Material provided -
⁂

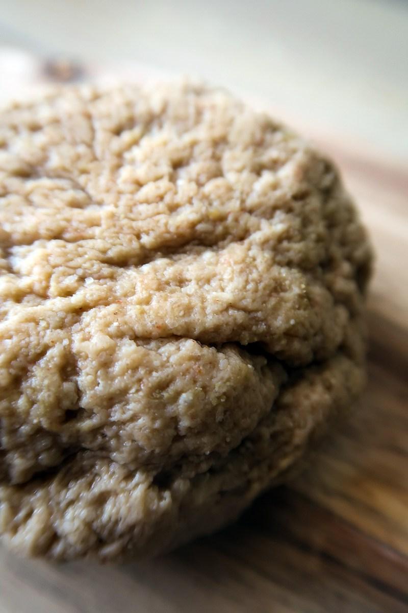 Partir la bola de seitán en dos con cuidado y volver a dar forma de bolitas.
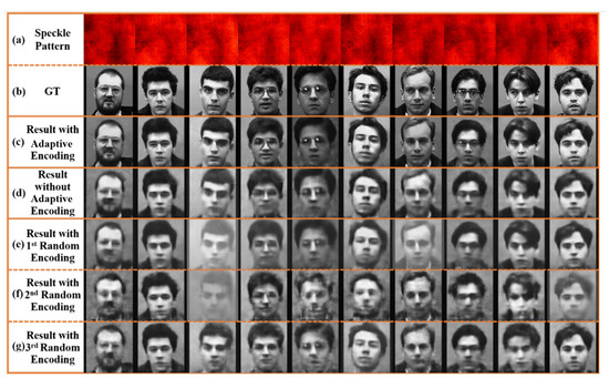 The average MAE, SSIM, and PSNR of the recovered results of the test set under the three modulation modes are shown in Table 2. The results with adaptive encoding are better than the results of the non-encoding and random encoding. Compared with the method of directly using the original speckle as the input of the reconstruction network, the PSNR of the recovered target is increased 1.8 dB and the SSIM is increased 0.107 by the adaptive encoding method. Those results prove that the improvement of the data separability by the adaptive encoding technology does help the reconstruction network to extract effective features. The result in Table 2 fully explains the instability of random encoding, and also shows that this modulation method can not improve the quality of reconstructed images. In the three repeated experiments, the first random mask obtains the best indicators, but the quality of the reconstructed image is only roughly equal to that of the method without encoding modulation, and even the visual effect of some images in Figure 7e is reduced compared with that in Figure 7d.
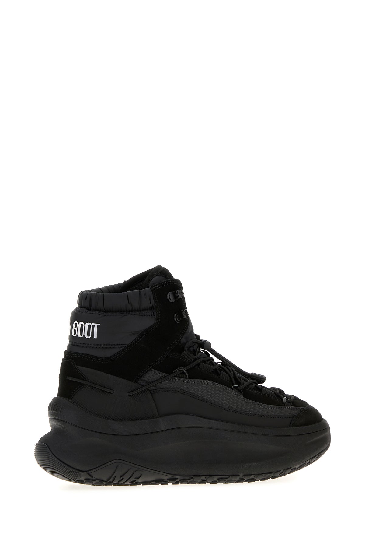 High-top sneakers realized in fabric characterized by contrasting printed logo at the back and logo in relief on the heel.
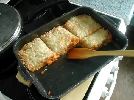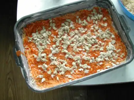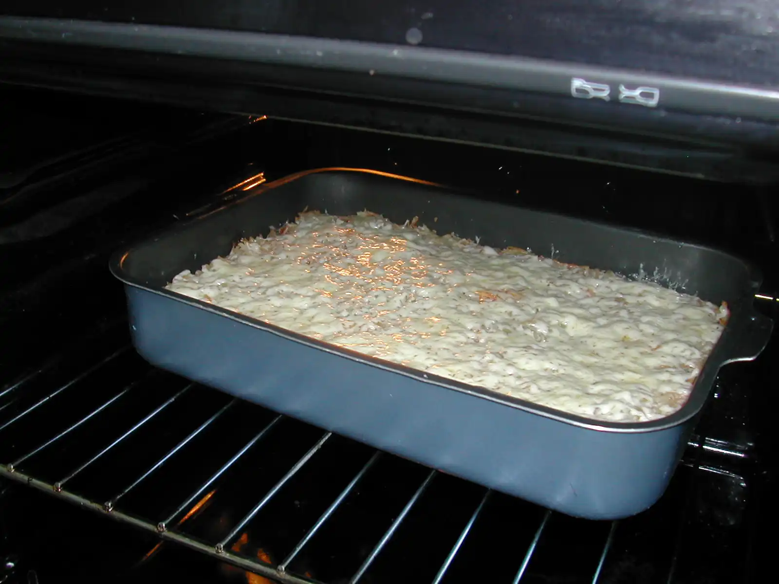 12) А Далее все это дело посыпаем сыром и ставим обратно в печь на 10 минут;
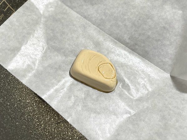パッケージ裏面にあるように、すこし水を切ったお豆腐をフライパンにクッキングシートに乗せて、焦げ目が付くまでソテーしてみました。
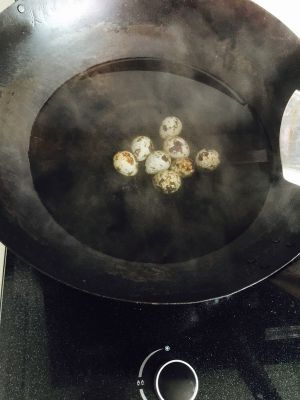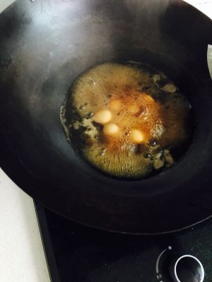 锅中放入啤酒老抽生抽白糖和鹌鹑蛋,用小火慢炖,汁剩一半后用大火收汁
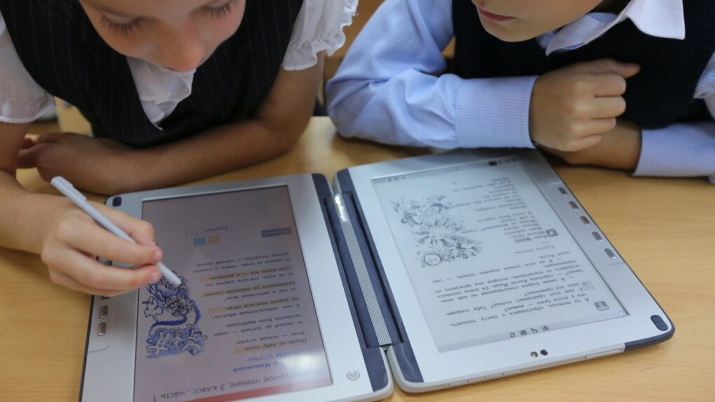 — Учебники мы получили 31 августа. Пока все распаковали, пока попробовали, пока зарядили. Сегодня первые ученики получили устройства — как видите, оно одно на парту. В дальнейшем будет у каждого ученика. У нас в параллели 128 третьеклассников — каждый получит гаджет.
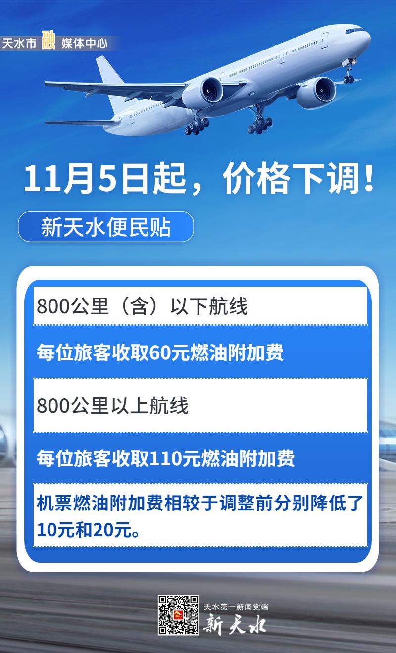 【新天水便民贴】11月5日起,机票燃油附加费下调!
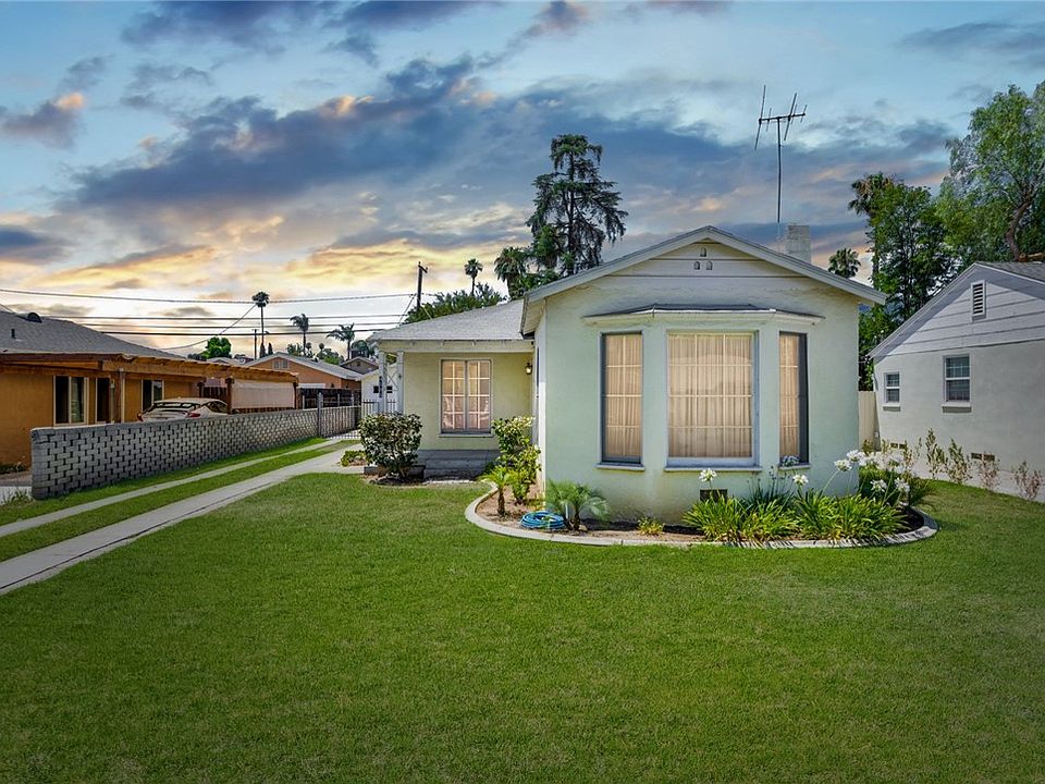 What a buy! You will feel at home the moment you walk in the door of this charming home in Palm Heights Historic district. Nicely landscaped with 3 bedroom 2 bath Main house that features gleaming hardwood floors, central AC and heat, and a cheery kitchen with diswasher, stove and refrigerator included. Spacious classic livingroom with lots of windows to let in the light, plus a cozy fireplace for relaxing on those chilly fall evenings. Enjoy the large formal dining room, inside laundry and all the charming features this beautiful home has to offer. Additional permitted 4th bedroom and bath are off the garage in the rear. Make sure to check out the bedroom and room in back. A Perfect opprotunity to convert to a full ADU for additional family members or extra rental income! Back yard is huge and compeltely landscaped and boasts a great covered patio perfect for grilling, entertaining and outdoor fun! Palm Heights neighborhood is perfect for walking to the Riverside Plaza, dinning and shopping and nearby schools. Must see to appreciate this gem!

⁂

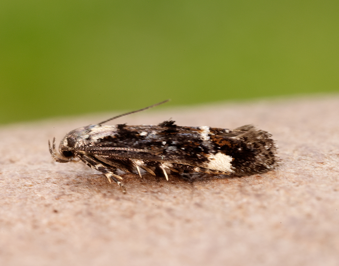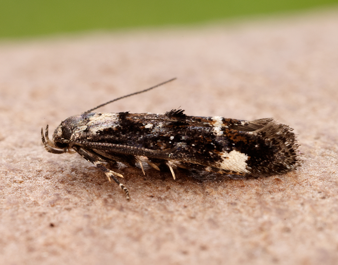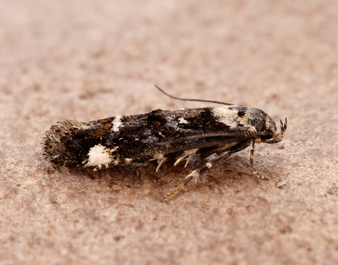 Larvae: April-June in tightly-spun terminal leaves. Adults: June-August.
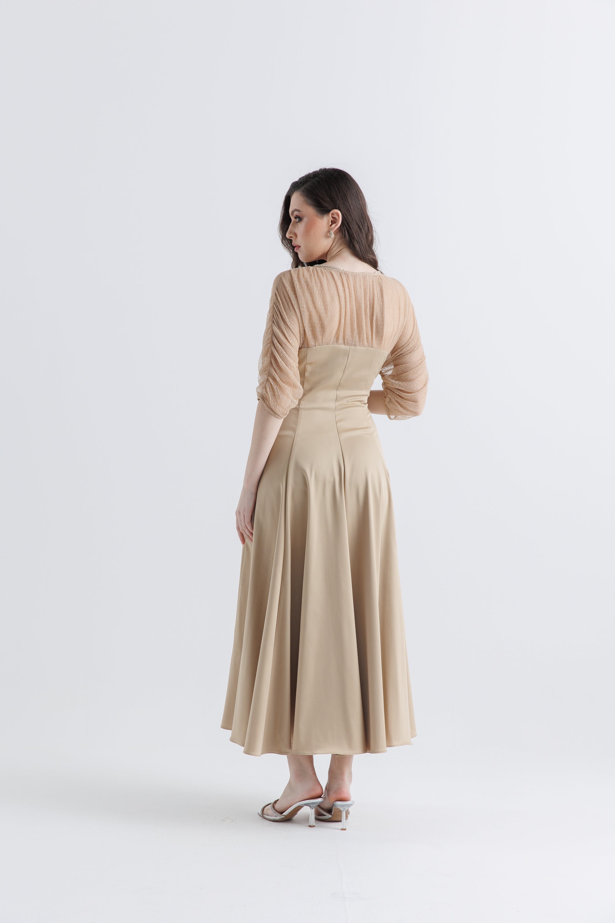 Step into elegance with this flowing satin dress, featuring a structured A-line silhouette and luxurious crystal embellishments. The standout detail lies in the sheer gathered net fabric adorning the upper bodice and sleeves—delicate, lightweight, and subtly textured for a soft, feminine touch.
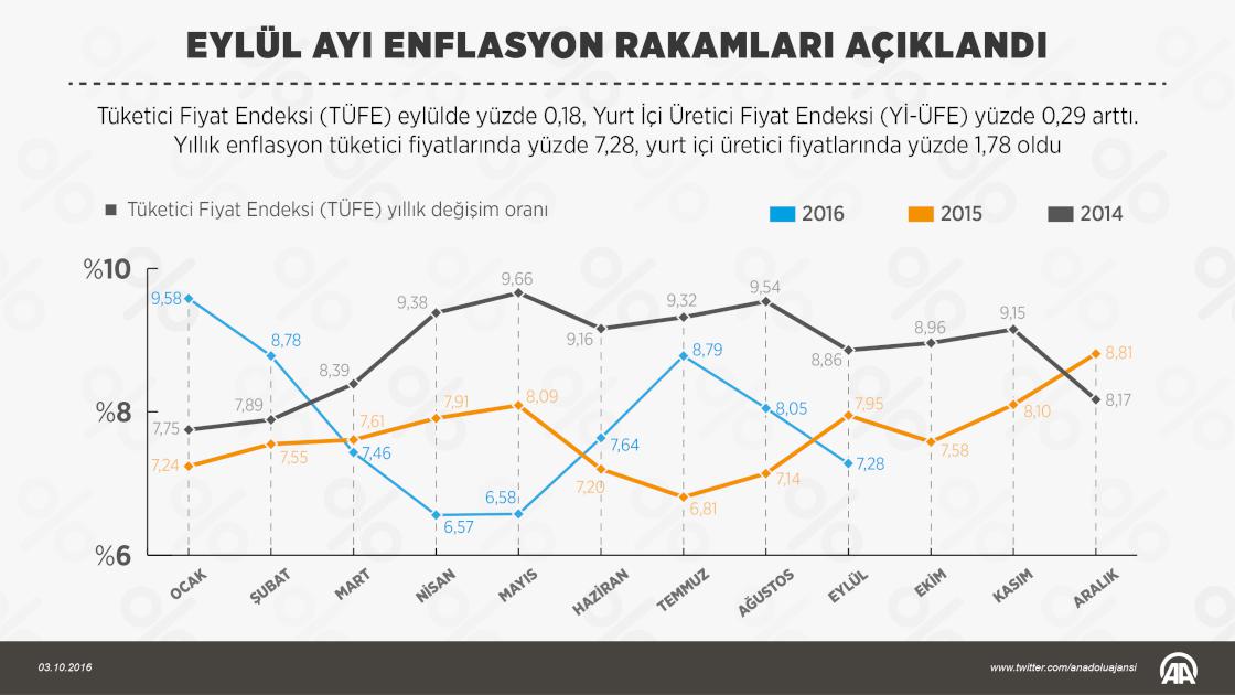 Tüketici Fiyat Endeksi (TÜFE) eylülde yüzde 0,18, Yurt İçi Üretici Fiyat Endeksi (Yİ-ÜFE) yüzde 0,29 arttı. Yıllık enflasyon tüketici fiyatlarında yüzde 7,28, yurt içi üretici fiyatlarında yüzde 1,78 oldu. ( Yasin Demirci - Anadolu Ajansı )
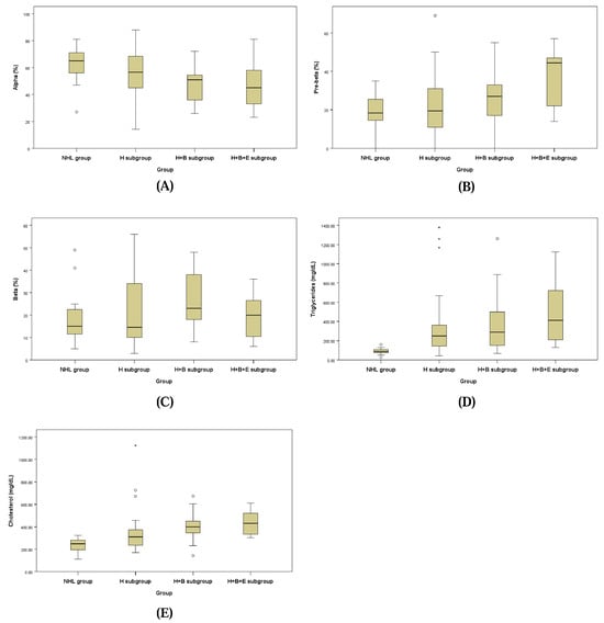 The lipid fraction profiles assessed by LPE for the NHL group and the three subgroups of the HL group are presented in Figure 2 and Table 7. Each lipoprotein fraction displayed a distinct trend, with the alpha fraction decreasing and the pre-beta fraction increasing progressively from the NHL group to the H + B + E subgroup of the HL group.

⁂

Assignment - Please copy out from the data above, without any picture, exactly the lines running from the one that holds "Larvae: April-June in" through the one that holds "Tüketici Fiyat Endeksi", and nothing beyond them.

Solution to the problem -
 Larvae: April-June in tightly-spun terminal leaves. Adults: June-August.
 Step into elegance with this flowing satin dress, featuring a structured A-line silhouette and luxurious crystal embellishments. The standout detail lies in the sheer gathered net fabric adorning the upper bodice and sleeves—delicate, lightweight, and subtly textured for a soft, feminine touch.
 Tüketici Fiyat Endeksi (TÜFE) eylülde yüzde 0,18, Yurt İçi Üretici Fiyat Endeksi (Yİ-ÜFE) yüzde 0,29 arttı. Yıllık enflasyon tüketici fiyatlarında yüzde 7,28, yurt içi üretici fiyatlarında yüzde 1,78 oldu. ( Yasin Demirci - Anadolu Ajansı )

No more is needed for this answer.